- **Task material**:
# # # # #

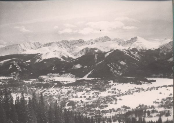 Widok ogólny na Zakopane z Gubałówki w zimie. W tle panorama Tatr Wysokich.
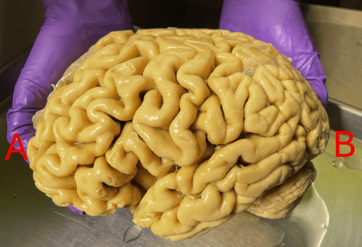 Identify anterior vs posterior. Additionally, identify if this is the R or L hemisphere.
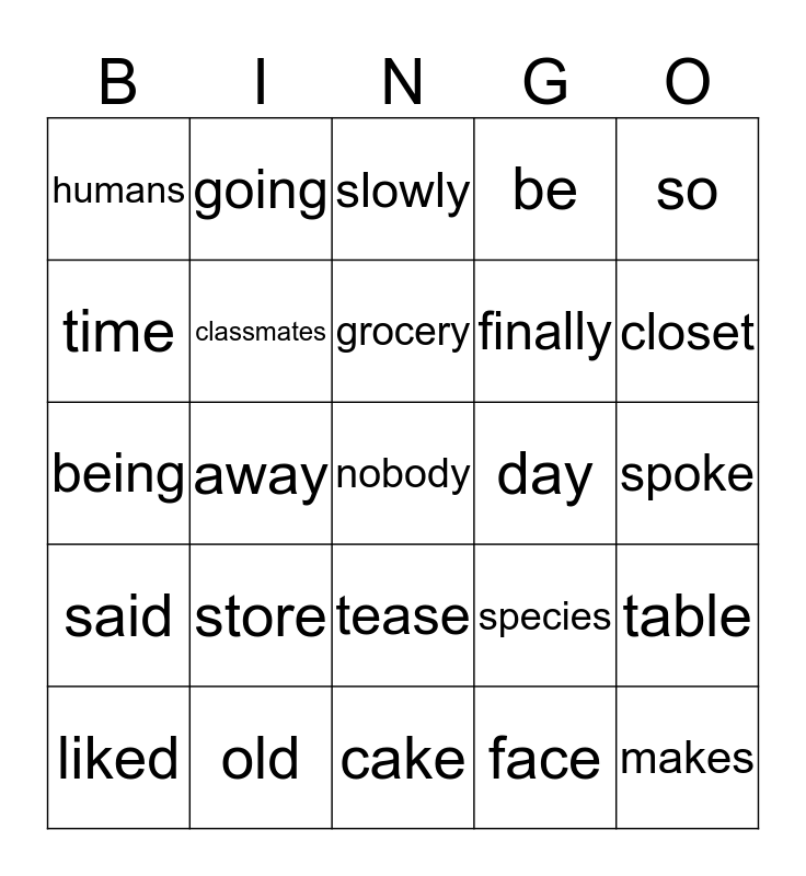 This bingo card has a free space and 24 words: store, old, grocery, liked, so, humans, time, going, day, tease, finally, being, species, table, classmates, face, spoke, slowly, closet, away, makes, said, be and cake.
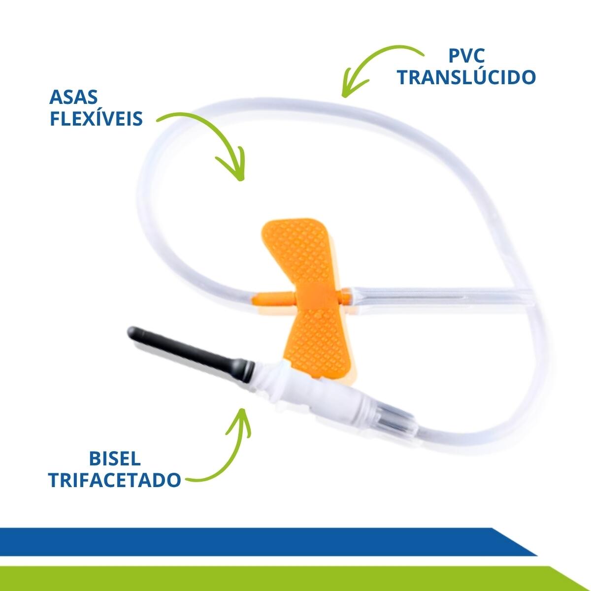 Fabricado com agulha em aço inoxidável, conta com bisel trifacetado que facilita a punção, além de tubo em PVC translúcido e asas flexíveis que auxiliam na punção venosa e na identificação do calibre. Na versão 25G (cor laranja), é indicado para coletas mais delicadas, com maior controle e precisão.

# # # # #

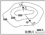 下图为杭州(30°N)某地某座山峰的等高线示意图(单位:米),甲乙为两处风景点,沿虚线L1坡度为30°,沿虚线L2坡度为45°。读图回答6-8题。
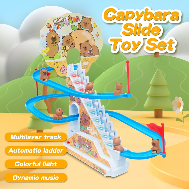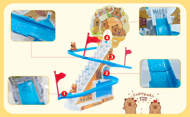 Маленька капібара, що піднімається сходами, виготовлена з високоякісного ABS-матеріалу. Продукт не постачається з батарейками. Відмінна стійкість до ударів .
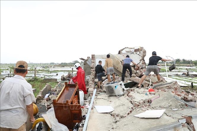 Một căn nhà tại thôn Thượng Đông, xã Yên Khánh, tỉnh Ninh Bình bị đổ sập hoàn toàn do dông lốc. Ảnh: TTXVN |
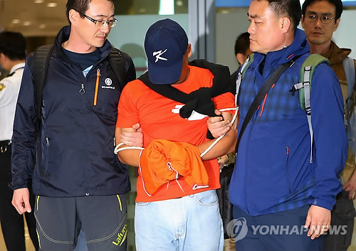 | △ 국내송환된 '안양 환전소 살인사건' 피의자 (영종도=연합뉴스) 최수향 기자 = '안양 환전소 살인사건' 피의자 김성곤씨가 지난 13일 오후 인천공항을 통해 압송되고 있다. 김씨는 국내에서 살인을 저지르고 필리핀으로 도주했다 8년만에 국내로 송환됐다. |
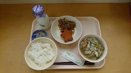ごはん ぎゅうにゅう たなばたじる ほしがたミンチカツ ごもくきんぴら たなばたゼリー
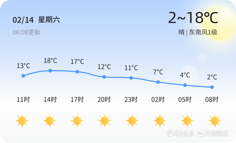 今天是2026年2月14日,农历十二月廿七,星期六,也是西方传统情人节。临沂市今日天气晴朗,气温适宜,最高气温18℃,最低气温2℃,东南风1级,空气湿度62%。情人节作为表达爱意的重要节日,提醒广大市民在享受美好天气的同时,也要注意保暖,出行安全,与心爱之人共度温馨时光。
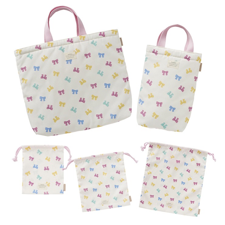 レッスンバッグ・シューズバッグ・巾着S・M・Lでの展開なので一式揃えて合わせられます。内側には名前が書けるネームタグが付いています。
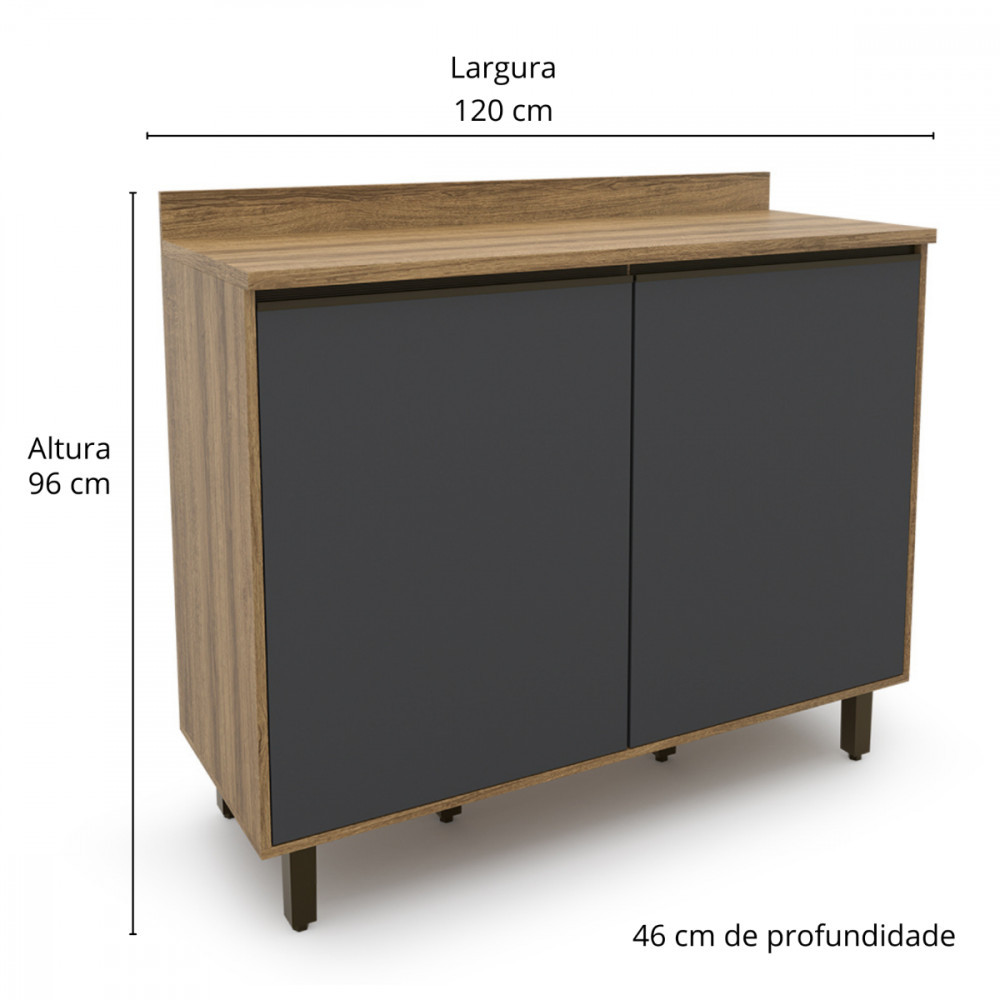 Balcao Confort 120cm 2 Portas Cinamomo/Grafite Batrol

# # # # #

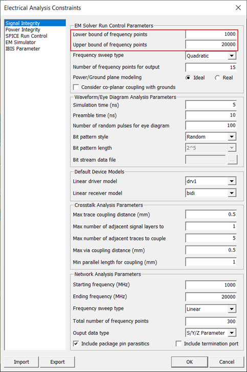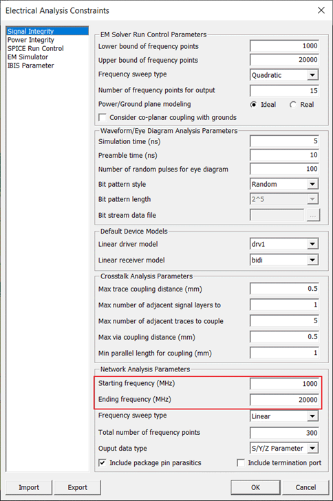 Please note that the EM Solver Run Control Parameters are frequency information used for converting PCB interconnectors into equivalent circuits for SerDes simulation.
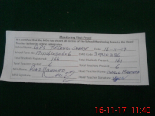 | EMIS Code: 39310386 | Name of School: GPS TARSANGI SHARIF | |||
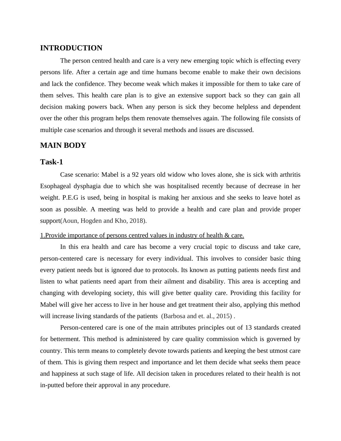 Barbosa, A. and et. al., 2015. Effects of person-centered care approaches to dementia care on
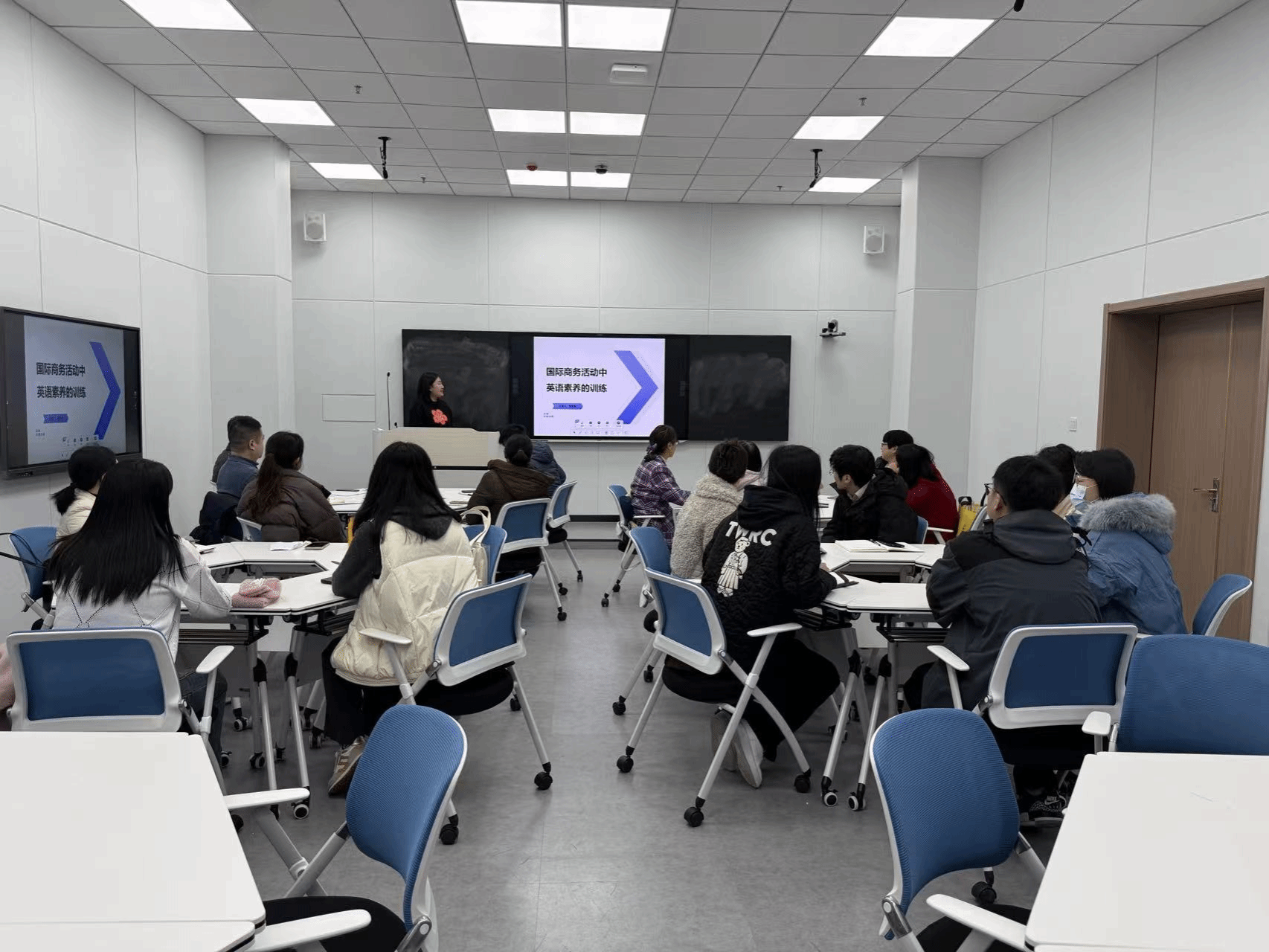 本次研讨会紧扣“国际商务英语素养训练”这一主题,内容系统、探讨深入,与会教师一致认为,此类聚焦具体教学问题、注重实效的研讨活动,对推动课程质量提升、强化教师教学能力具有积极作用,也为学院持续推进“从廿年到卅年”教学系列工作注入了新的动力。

# # # # #

- **Required work**: Your answer should be the exact lines above from the one containing "下图为杭州(30°N)某地某" through the one containing "Balcao Confort 120cm", with both end lines kept and the pictures removed, please.

- **Response area**:
 下图为杭州(30°N)某地某座山峰的等高线示意图(单位:米),甲乙为两处风景点,沿虚线L1坡度为30°,沿虚线L2坡度为45°。读图回答6-8题。
 Маленька капібара, що піднімається сходами, виготовлена з високоякісного ABS-матеріалу. Продукт не постачається з батарейками. Відмінна стійкість до ударів .
 Một căn nhà tại thôn Thượng Đông, xã Yên Khánh, tỉnh Ninh Bình bị đổ sập hoàn toàn do dông lốc. Ảnh: TTXVN |
 | △ 국내송환된 '안양 환전소 살인사건' 피의자 (영종도=연합뉴스) 최수향 기자 = '안양 환전소 살인사건' 피의자 김성곤씨가 지난 13일 오후 인천공항을 통해 압송되고 있다. 김씨는 국내에서 살인을 저지르고 필리핀으로 도주했다 8년만에 국내로 송환됐다. |
ごはん ぎゅうにゅう たなばたじる ほしがたミンチカツ ごもくきんぴら たなばたゼリー
 今天是2026年2月14日,农历十二月廿七,星期六,也是西方传统情人节。临沂市今日天气晴朗,气温适宜,最高气温18℃,最低气温2℃,东南风1级,空气湿度62%。情人节作为表达爱意的重要节日,提醒广大市民在享受美好天气的同时,也要注意保暖,出行安全,与心爱之人共度温馨时光。
 レッスンバッグ・シューズバッグ・巾着S・M・Lでの展開なので一式揃えて合わせられます。内側には名前が書けるネームタグが付いています。
 Balcao Confort 120cm 2 Portas Cinamomo/Grafite Batrol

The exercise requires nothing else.